A major scandal preceded the opening of the replica concentration camp in Karelia. The project's organizers initially planned to place buildings in other localities, but some local residents opposed the closeness of barracks and towers. The idea of using structures from a feature film's scenery also caused confusion, as there are real historic buildings in Karelia where Soviet prisoners were held during the Finnish occupation.

At first, the buildings were supposed to be placed in the village of Shaydoma, but the organizers abandoned the idea. Another option for the object’s location was the embankment in the town of Kondopoga, but this initiative faced public protest. Residents prepared a letter to a deputy of the regional parliament demanding to prevent placing the barracks in the town.

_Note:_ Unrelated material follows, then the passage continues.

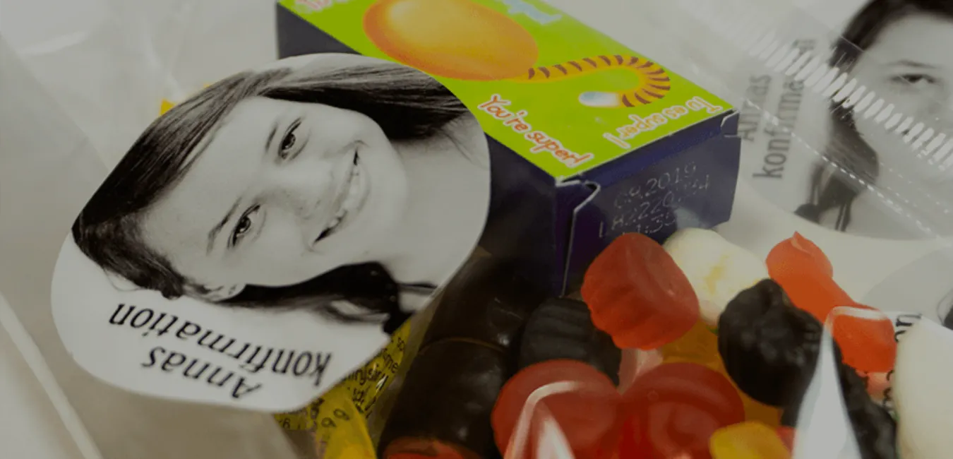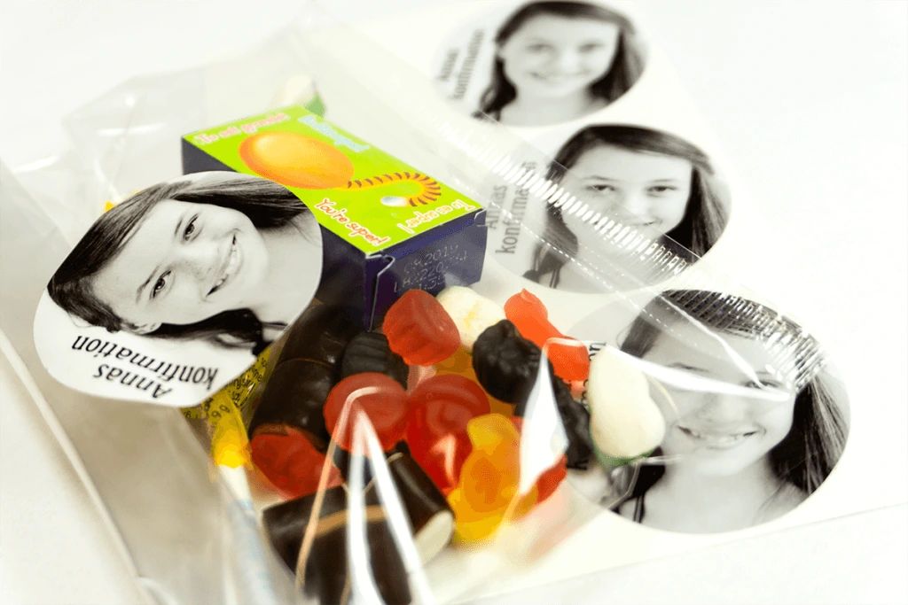 Lav slikposer med k/nonfirmandens yndlingsslik og sæt et klistermærke med et billede på slikposen af festens midtpunkt. I kan også lave en slikbod, hvor gæsterne selv skal blande slikket. Måske en lillesøster eller fætter vil passe boden – så har de en hyggelig opgave. 50 runde klistermærker i ø30mm koster 119,-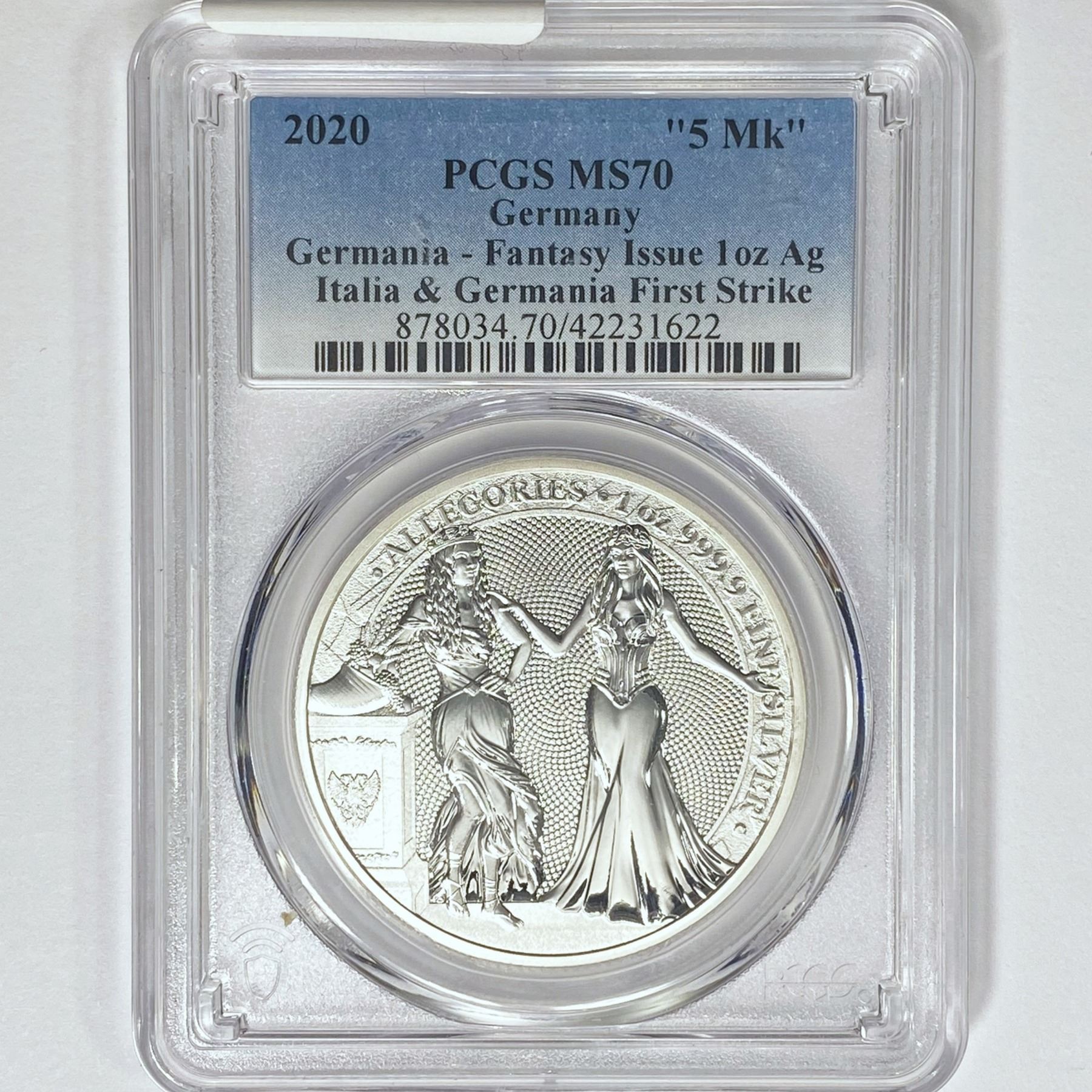 2020 5 Mk 1oz Silver Germania PCGS MS70 1st Strike

"Placing the Museum of Sorrow in the most beautiful place of the town is not only inappropriate, but is also causing a barrage of anger among citizens and residents of Karelia! Someone is skillfully using this ridiculous, anti-human project, made of bits and pieces of the filmmakers’ scenery, as a grant, wanting to stick it someplace… But for what? Is it for the sake of people? Is it for the sake of improving the embankment the town is desperately lacking? Or is it all to cause suffering to those who survived the horrors of war and to remind them of them constantly? 160 former young prisoners of concentration camps live in Kondopoga and the district. They demand stopping this project!" says the letter from residents of Kondopoga to the deputies of the Karelian Legislative Assembly.

Eventually, the concentration camp’s model was placed in the village of Vatnavolok by Lake Onega 30 km from Kondopoga. The organizers claim that it represents "a collective of all Finnish concentration camps".